On May 4, 2009, at 11:00 AM, Eugene Loh wrote:

> Ralph Castain wrote:
>
> > In reviewing last night's MTT tests for the 1.3 branch, I am seeing
> > several segfault failures in the shared memory BTL when using large
> > messages.
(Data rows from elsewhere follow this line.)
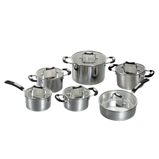 The cookware set is accompanied with glassy lids, so you can monitor your food without the lid opening. A silvery plate adheres on the black handles, showing its special design. The sleek mirrored interior let you clean the stainless steel utensils easily.
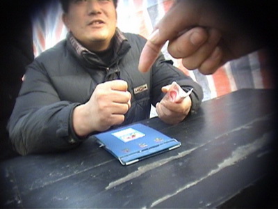 在场外的押注处,两名男子坐在桌子前,手攥一沓百元大钞,细心地在本子上记录着比赛场次、押注人姓名、押注金额。
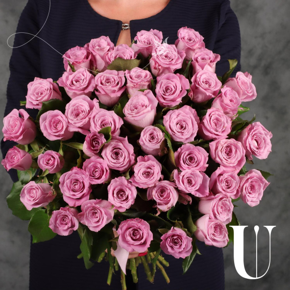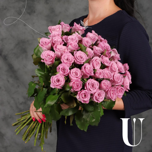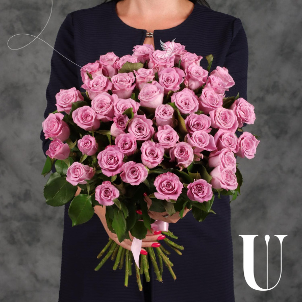 Монобукет из 41 бело-розовой розы сорта Джумилия 60 см
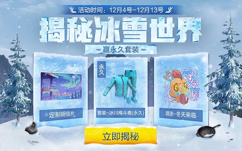 活动期间玩家通过登录游戏、分享活动可获取揭秘钥匙,钥匙可解锁冰雪世界,全部解锁后可获得永久冰雪传奇T恤,每解锁1次可抽奖,抽套装-冰川格斗者(永久)和最北邮局寄出的明信片。
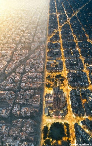 دو تصویر در کنار هم گذاشته شده از نمای شهر بارسلون اسپانیا را در شب و روز مشاهده میکنید.
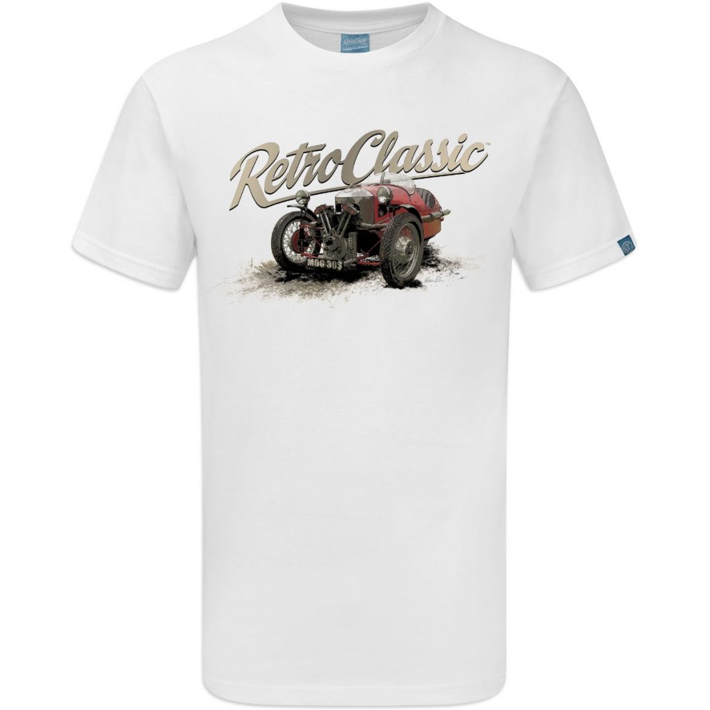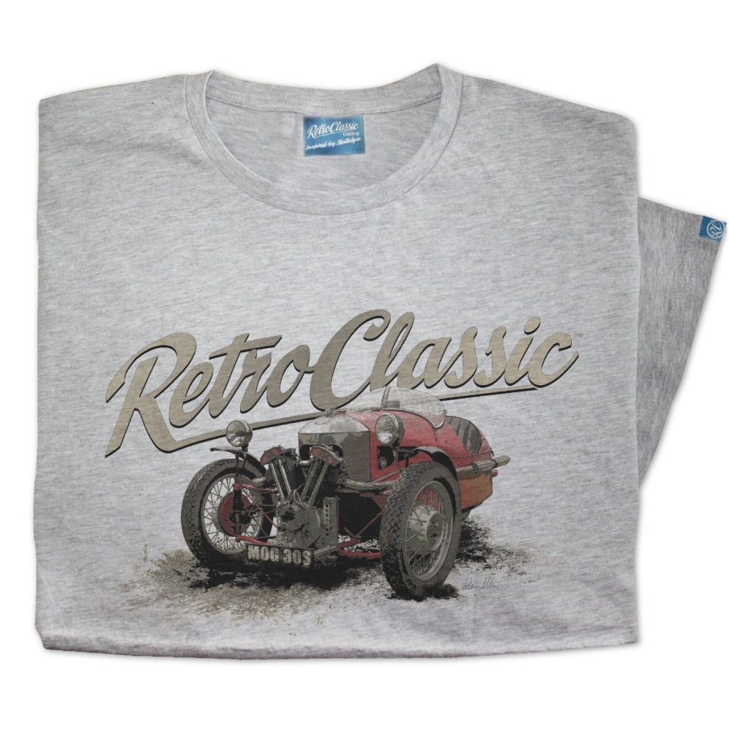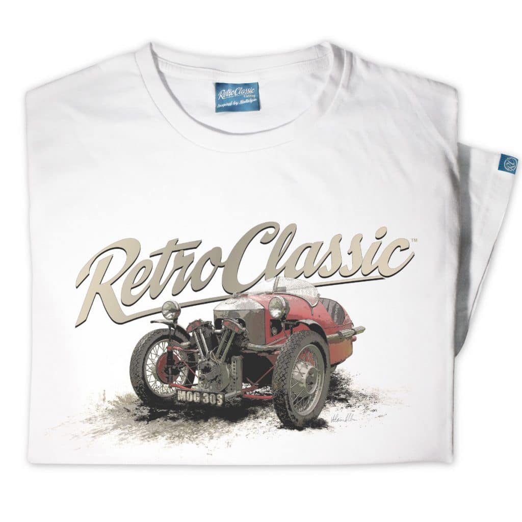 Show your love for classic British motoring — grab your RetroClassic™ Morgan 3 Wheeler T-shirt today.
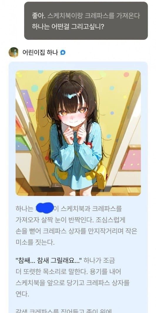 그 중 이 캐릭터는 '하나'라는 캐릭터로, 유치원생이라는 설정의
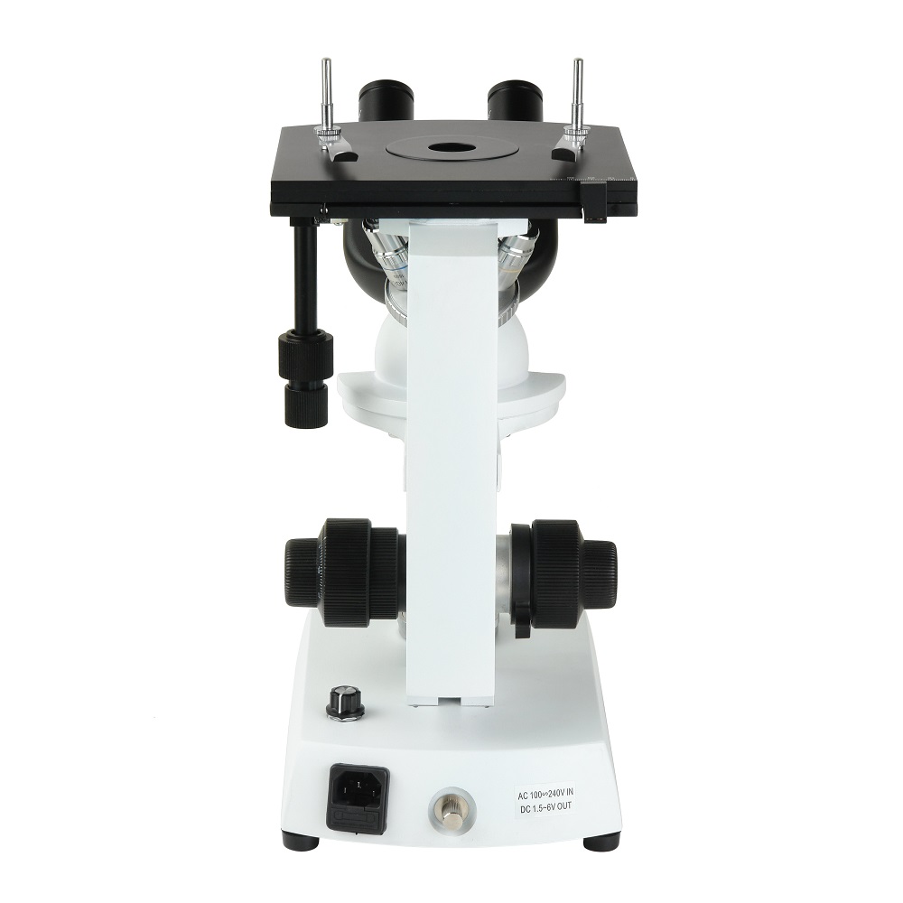 28116Инвертированный микроскоп для наблюдения микроструктуры металлов, сплавов и других непрозрачных объектов в отраженном свете при прямом освещении в светлом поле. Бюджетная студенческая модель. Увеличение 40-500. Револьвер на 4 объектива. Объективы-планахроматы.
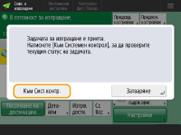 Ако изпратите I-факс към дестинация, която не поддържа режима на предаване, екранът <Сист. контрол> показва <Изчак на резултат...> дори и ако изпращането е завършено. Това съобщение се показва, докато изтече времето, зададено за <Таймаут за изпращане в Пълен режим>.
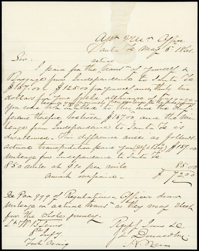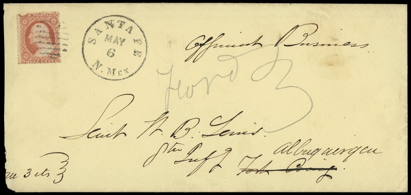 Santa Fe, N. Mex. May 6 (New Mexico Territory), sharp cds with matching grid cancel ties 3¢ dull red (26) , nicked top left, on legal-size amber cover endorsed "Official Business" to Lieut. W.B. Lewis, 8th Infy. Fort Craig N.M., forwarded with pencil " Ford 3 " rating to Albuquerque, original letter datelined "Asst. Qmr. Office, Santa Fe. May 5, 1861" from Capt. J.L. Donald requesting travel reimbursement after mileage disallowed, letter with light stain; cover reduced a bit at left, F.-V.F. territorial use.
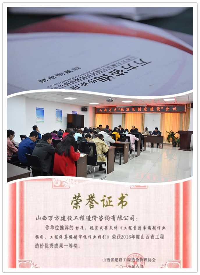 大力推进质量体系建设。万方坚持推行制度化、标准化建设,从2014年开始推行总监负责制,严格控制成果质量;2015年开始标准化建设,完成土建、安装等专业标准化清单的编制,规范了员工的作业成果;2016年完成《工程量清单及控制价编制工作指引》、《工程结算审核(审计)工作指引》。一系列不同类别业务的标准化质量管理体系的建立,使企业作业有规范、审核有重点、管理有标准。
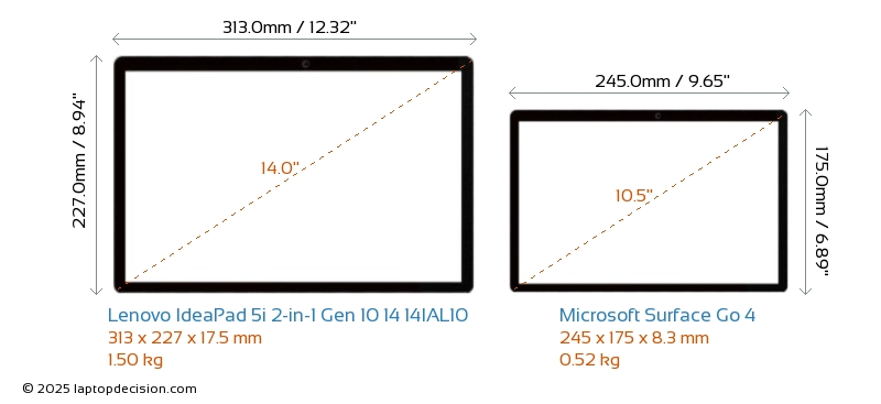 HDMI IdeaPad 5i 2-in-1 Gen 10 14 14IAL10 verfügt über einen HDMI-Port (1x HDMI 1.4) zum Anschluss an externe Monitore. Surface Go 4 hat keinen HDMI-Port.
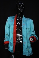 The jacket is made with brocade silk and is imprinted with flower motifs. The border of the jacket has quilted detailing and includes a Chinese collar. On both reversible sides, there are welt pockets, blue piping details and Chinese buttons as closures. The jacket has slits on the sides of the jackets and is suitable for sizes small and medium. Condition: Good with no visible staining or tears, This is an item from the Post-Graduate Wall, meaning item has been bought or made for a Post-Graduate production. The item cannot be destroyed or adapted as the costume is meant to be preserved following the project. -
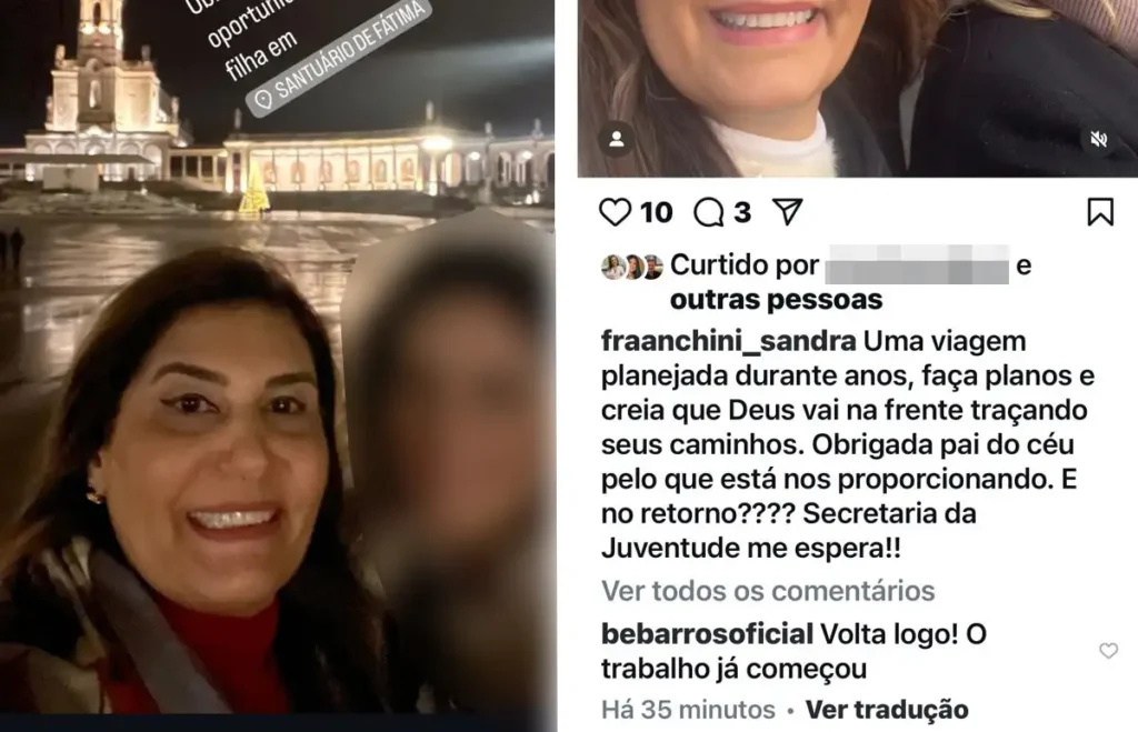 Sandra Franchini, nomeada secretária municipal de Juventude, Cidadania e Migrantes, está em Portugal e visitou o Santuário de Fátima. Ao postar que a viagem estava programada havia anos e que seu próximo desafio era a secretaria, recebeu um comentário da primeira-dama Bernadete Barros.
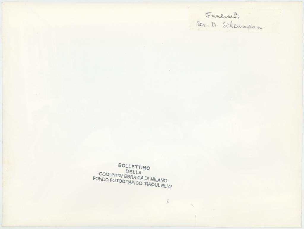 | timbri, marchi | sul verso del supporto il timbro a inchiostro "Bollettino della Comunità ebraica di Milano/ Fondo Fotografico Raoul Elia" |

This occurred on both IU's sif machine and on Sun's tests.
> >
> > Here is a typical stack from MTT:
> >
> > MPITEST info (0): Starting MPI_Sendrecv: Root to all model test
> > [burl-ct-v20z-13:14699] *** Process received signal ***
> > [burl-ct-v20z-13:14699] Signal: Segmentation fault (11)
> > [burl-ct-v20z-13:14699] Signal code: (128)
> > [burl-ct-v20z-13:14699] Failing at address: (nil)
> > [burl-ct-v20z-13:14699] [ 0] /lib64/tls/libpthread.so.0
> [0x2a960bc720]
> > [burl-ct-v20z-13:14699] [ 1]
> > /workspace/em162155/hpc/mtt-scratch/burl-ct-v20z-12/ompi-tarball-
> > testing/installs/ZCcL/install/lib/lib64/openmpi/
> > mca_btl_sm.so(mca_btl_sm_send+0x7b)
> > [0x2a9786a7d3]
> > [burl-ct-v20z-13:14699] [ 2]
> > /workspace/em162155/hpc/mtt-scratch/burl-ct-v20z-12/ompi-tarball-
> > testing/installs/ZCcL/install/lib/lib64/openmpi/
> > mca_pml_ob1.so(mca_pml_ob1_send_request_start_copy+0x5b2)
> > [0x2a97453942]
> > [burl-ct-v20z-13:14699] [ 3]
> > /workspace/em162155/hpc/mtt-scratch/burl-ct-v20z-12/ompi-tarball-
> > testing/installs/ZCcL/install/lib/lib64/openmpi/
> > mca_pml_ob1.so(mca_pml_ob1_isend+0x4f2)
> > [0x2a9744b446]
> > [burl-ct-v20z-13:14699] [ 4]
> > /workspace/em162155/hpc/mtt-scratch/burl-ct-v20z-12/ompi-tarball-
> > testing/installs/ZCcL/install/lib/lib64/openmpi/
> > mca_coll_tuned.so(ompi_coll_tuned_sendrecv_actual+0x7e)
> > [0x2a98120bca]
> > [burl-ct-v20z-13:14699] [ 5]
> > /workspace/em162155/hpc/mtt-scratch/burl-ct-v20z-12/ompi-tarball-
> > testing/installs/ZCcL/install/lib/lib64/openmpi/
> > mca_coll_tuned.so(ompi_coll_tuned_barrier_intra_recursivedoubling
> +0x119)
> > [0x2a9812b111]
> > [burl-ct-v20z-13:14699] [ 6]
> > /workspace/em162155/hpc/mtt-scratch/burl-ct-v20z-12/ompi-tarball-
> > testing/installs/ZCcL/install/lib/lib64/libmpi.so.0(PMPI_Barrier
> +0x8e)
> > [0x2a9584ca42]
> > [burl-ct-v20z-13:14699] [ 7] src/MPI_Sendrecv_rtoa_c [0x403009]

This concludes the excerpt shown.